Jemila MacEwan is an interdisciplinary artist based in New York. MacEwan is known for their intimately interwoven earthworks, sculptures and performances that build mythological narratives around meteorites, volcanoes, and glaciers. These stories engage with the emotional complexity of being human within the Holocene extinction. MacEwan is a recipient of The Marten Bequest Scholarship. Their work has been presented globally, including; ARoS Museum (Denmark), Australian Consulate-General, Pioneer Works, The Elizabeth Foundation for the Arts and Skaftfell Center (Iceland). Notable residencies include; the BANFF Center, NARS Foundation, and Ox-Bow School of Painting. They have received grant awards from Australia Council for the Arts, Dame Joan Sutherland Fund, and Ian Potter Cultural Council.

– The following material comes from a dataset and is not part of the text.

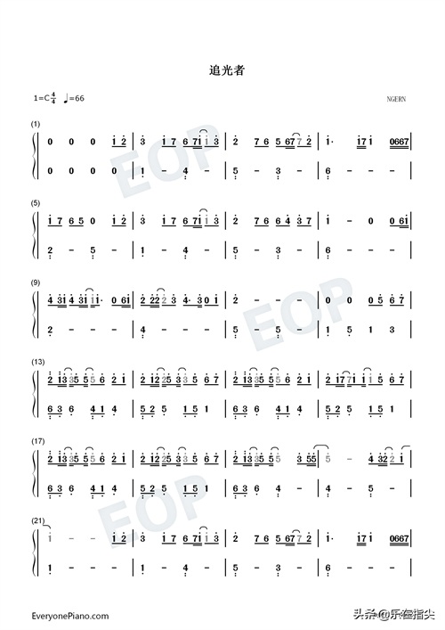 追光者-C调简单版-简谱五线谱钢琴谱电子琴谱

Their work ‘Dead Gods’ honors the prehistoric mushrooms that play a significant role in the origin of life on earth as sacred ancestral deities. In a moment when we are collectively grappling with the likelihood that one million species will become extinct within decades, the work addresses ancient terrestrial fungi that gave rise to the vast diversity of plant and animal species that exist today. The impact of mycelium as the one of the greatest shapers of the living world can be seen enmeshed throughout all ecosystems on our planet. During past extinction epochs that occurred through dramatic atmospheric changes that darkened the skies, mycelium acted as a life-raft species as they are one of the few life forms that do not require sunlight to survive. Perhaps even more profound is the way early plants and their fungal partners changed our atmosphere over deep time by lowering carbon dioxide and increasing oxygen composition.